> **ASSIGNMENT**
The listing is to be transcribed in full, with its images left out.

> **COLLECTED MATERIAL**
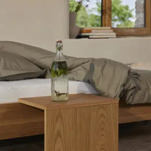 Deze bijzettafel met essenfineer is een functioneel en stijlvol meubelstuk dat perfect past bij het Hai No Ki Juniorbed. Houd belangrijke spullen altijd binnen handbereik, terwijl je de rustige en tijdloze uitstraling van de collectie behoudt.
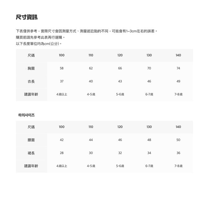 1. 尺寸表單位皆為公分(cm),實際尺寸會因布料彈性、水洗、測量起訖點等因素略有誤差。
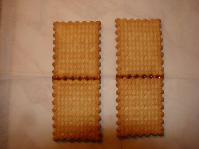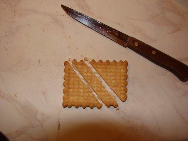 Παίρνουμε ένα μπισκότο και το κόβουμε με πριονωτό μαχαίρι, πολύ υπομονετικά, διαγώνια, για να σχηματιστούν δυο τρίγωνα και να μη σπάσουν.

> **TASK RESPONSE**
 Deze bijzettafel met essenfineer is een functioneel en stijlvol meubelstuk dat perfect past bij het Hai No Ki Juniorbed. Houd belangrijke spullen altijd binnen handbereik, terwijl je de rustige en tijdloze uitstraling van de collectie behoudt.
 1. 尺寸表單位皆為公分(cm),實際尺寸會因布料彈性、水洗、測量起訖點等因素略有誤差。
 Παίρνουμε ένα μπισκότο και το κόβουμε με πριονωτό μαχαίρι, πολύ υπομονετικά, διαγώνια, για να σχηματιστούν δυο τρίγωνα και να μη σπάσουν.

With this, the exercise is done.